OTTAWA / TORONTO (Reuters) – Halima has been supporting herself and her three children for 15 years by caring for long hours with elderly clients in nursing homes or in their personal homes in Toronto.

FILE PHOTO: A healthcare worker looks out of a window while health workers, professionals and unions demand safer working conditions and time off amid coronavirus disease (COVID-19), protest in front of Santa Cabrini Hospital in Montreal, Quebec, Canada, 29 May, 2020. REUTERS / Christinne Muschi / File Photo

But when COVID-19 infections increased last year, Halima’s hours were reduced because caregivers in Ontario could only work in one facility, and suddenly she could not afford the monthly rent of $ 1,800 ($ 1,407) on her apartment. not.

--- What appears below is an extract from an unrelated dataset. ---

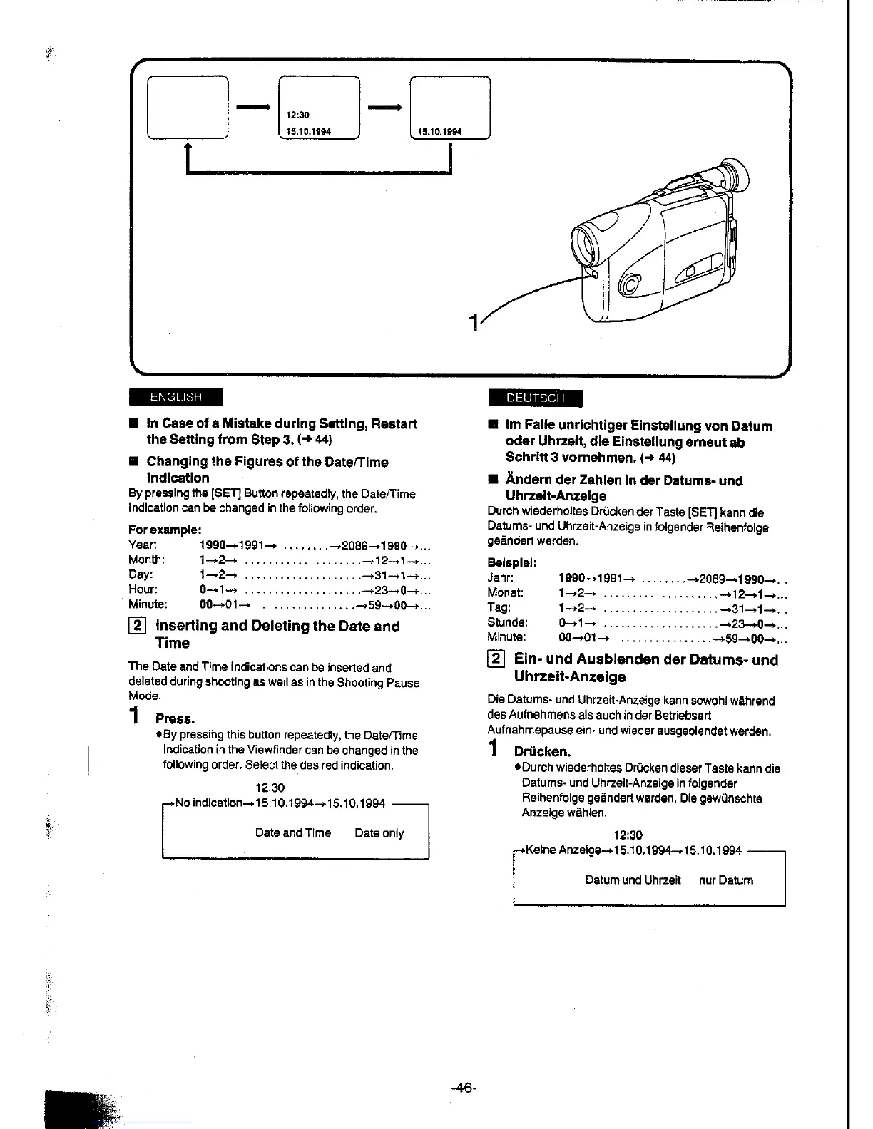 Panasonic NV-A1E - Changing the Figures of the Date;Time Indication; Inserting and Deleting the Date and Time

Halima, who asked to identify only by her first name, managed to keep a roof over her head by cutting groceries. As a part-time worker, she has no benefits and no paid sick days.

‘Food and rent, everything is very expensive. It’s hard to live now, ‘Halima said in an interview.

Canada is struggling to tame a second wave of COVID-19 and stop the spread of new variants. Elderly people carried the bulk of the pandemic: 70% of Canada’s more than 20,000 deaths COVID-19 were in long-term care homes.

Personal Support Workers (PSWs) have long struggled with housing insecurity in expensive Canadian cities, but the pandemic has exacerbated the situation for many, driving some homeless and shattering others, according to workers, shelter administrators, union officials and health officials. lawyers.

The core of their struggle is low wages and fewer hours amid pandemic constraints that do not allow them to work at multiple care facilities. The problem is worst among part-time workers at for-profit nursing homes.

In populous Ontario, most PSWs are women and about 60% work in non-profit care homes, many in high-turnover part-time jobs, according to a recent report by the Canadian Women’s Foundation.

Some are paid close to the minimum wage, which means that even with full-time hours, they barely earn enough to lower the poverty level for a single person without dependents. A recent survey found that 67% of PSWs now earn less home pay than before the pandemic.

Even full-time care workers earning the average wage in Ontario will not have the poverty for a family of four in Toronto.

“I suspect people who were one to two salaried employees away from homelessness … now do not have the isolation,” said Naheed Dosani, a doctor and health justice activist in Toronto.

Dosani added that the ‘broken’ system that pushes front-line workers, including essential health workers, to homelessness is also a health risk in the community, as workers can transport COVID-19 from nursing homes to shelters and back.

Indeed, an outbreak in a shelter in Ottawa last year has its origins in two women who had long-term jobs but lived in the shelter.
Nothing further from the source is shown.